Defendant argues inherent improbability, but “ ‘[t]o warrant the rejection of the statements given by a witness who has been believed by the [trier of fact], there must exist either a physical impossibility that they are true, or their falsity must be apparent without resorting to inferences or deductions. [Citations.] Conflicts and even testimony which is subject to justifiable suspicion do not justify the reversal of a judgment, for it is the exclusive province of the trial judge or jury to determine the credibility of a witness and the truth or falsity of the facts upon which a determination depends. [Citation.]’ ” (People v. Barnes (1986) 42 Cal.3d 284, 306, quoting People v. Thornton (1974) 11 Cal.3d 738, 754; accord DiQuisto v. County of Santa Clara (2010) 181 Cal.App.4th 236, 261.) Except in rare instances of demonstrable falsity, doubts about the credibility of the in-court witness should be left for the factfinder’s resolution. (People v. Cudjo (1993) 6 Cal.4th 585, 609.) Testimony may be rejected as inherently improbable or incredible only when the testimony is unbelievable per se, physically impossible or wholly unacceptable to reasonable minds. (Oldham v. Kizer (1991) 235 Cal.App.3d 1046, 1065.)
Defendant’s claim that the victim “could not have possibly been in a state of sustained fear when she reunited with [defendant] the same afternoon of the alleged threat and then spent the next six days with [defendant]” is really a claim that the jury should have inferred or deduced from the circumstances of the victim’s conduct after the fight at the apartment that she was not afraid of defendant, and that her initial statements to law enforcement were lies. On this record, however, we will not invade the province of the jury in making such factual determinations.
Defendant relies on a 1952 case, People v. Carvalho (1952) 112 Cal.App.2d 482, in arguing inherent improbability. But here there was expert evidence explaining the cycle of violence in intimate battering relationships, and that it is common for victims of domestic violence to quickly reconcile with their abusers and change their stories. Defendant’s argument lacks merit.
II
Defendant filed a petition for rehearing claiming he should receive the benefit of recent amendments to sections 1385 and 667, subdivision (a). The trial court imposed a mandatory five-year term for the prior conviction pursuant to section 667, subdivision (a). But Senate Bill 1393 grants discretion to strike or dismiss the enhancement allegation or the punishment for the enhancement if doing so would be in the interest of justice. (§§ 667, subd. (a), 1385, subd. (b).)

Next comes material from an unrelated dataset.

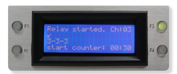
Relay Controller Interface

Basic configuration and adjustments of the relay system can be made using an independent control unit (PC). By using up to two light barrier signals close to the finishing line, the system can also generate optical and acoustic signals, thus calling the next athlete's attention to the imminent starting. Apart from being an excellent choice for upcoming relay events, the Luge Relay System is also a perfect option for just practicing sprint and reaction starts.

Defendant and the People agree that Senate Bill 1393 applies retroactively to this case. “When the Legislature has amended a statute to reduce the punishment for a particular criminal offense, we will assume, absent evidence to the contrary, that the Legislature intended the amended statute to apply to all defendants whose judgments are not yet final on the statute’s operative date. [Citation.] We [base] this conclusion on the premise that ‘ “[a] legislative mitigation of the penalty for a particular crime represents a legislative judgment that the lesser penalty or the different treatment is sufficient to meet the legitimate ends of the criminal law.” ’ ” (People v. Brown (2012) 54 Cal.4th 314, 323, fn. omitted, italics omitted; see In re Estrada (1965) 63 Cal.2d 740, 745.) The rule of retroactivity articulated in Estrada applies where the Legislature amends a statute to give the trial court discretion to impose a lesser penalty. (People v. Francis (1969) 71 Cal.2d 66, 75-76.) Because Senate Bill 1393 gives a trial court discretion to strike or dismiss a prior serious felony conviction enhancement allegation or finding, which discretion the trial courts did not previously have, and nothing in the statutes indicates the Legislature intended the amended statutes to be prospective only, we conclude the amended sections 1385 and 667, subdivision (a) apply retroactively. (People v. Garcia (2018) 28 Cal.App.5th 961 [holding Senate Bill 1393 applies retroactively to all cases or judgments of conviction in which a five-year term was imposed at sentencing based on a prior serious felony conviction when the conviction is not final before the statute’s effective date of January 1, 2019]; In re Estrada, supra, 63 Cal.2d at p. 745; Francis, supra, 71 Cal.2d at pp. 75-76.)
“Generally, when the record shows that the trial court proceeded with sentencing on the erroneous assumption it lacked discretion, remand is necessary so that the trial court may have the opportunity to exercise its sentencing discretion at a new sentencing hearing.” (People v. Brown (2007) 147 Cal.App.4th 1213, 1228.) The general rule is remand, and here the record does not clearly indicate that remand would be futile. Accordingly, we will not depart from the general rule.
We express no opinion as to how the trial court should exercise its newly granted discretion on remand. We only conclude that, under the circumstances of this case, the trial court should be given the opportunity to exercise its discretion in the first instance.
DISPOSITION
The judgment of conviction is affirmed. The matter is remanded to allow the trial court to consider whether to exercise its discretion under sections 1385 and 667, subdivision (a).
/S/
MAURO, J.
We concur:
/S/
ROBIE, Acting P. J.
/S/
BUTZ, J.
[1] Undesignated statutory references are to the Penal Code.
[2] The People moved to admit Cropp’s testimony as an expert witness. Defense counsel asked the trial court to defer the ruling until after the victim’s testimony to determine whether an expert was needed. The trial court agreed to defer the ruling, indicating the defense could object when the People called Cropp. The trial court did not expressly rule on admissibility, but there was no objection to Cropp’s testimony as an expert.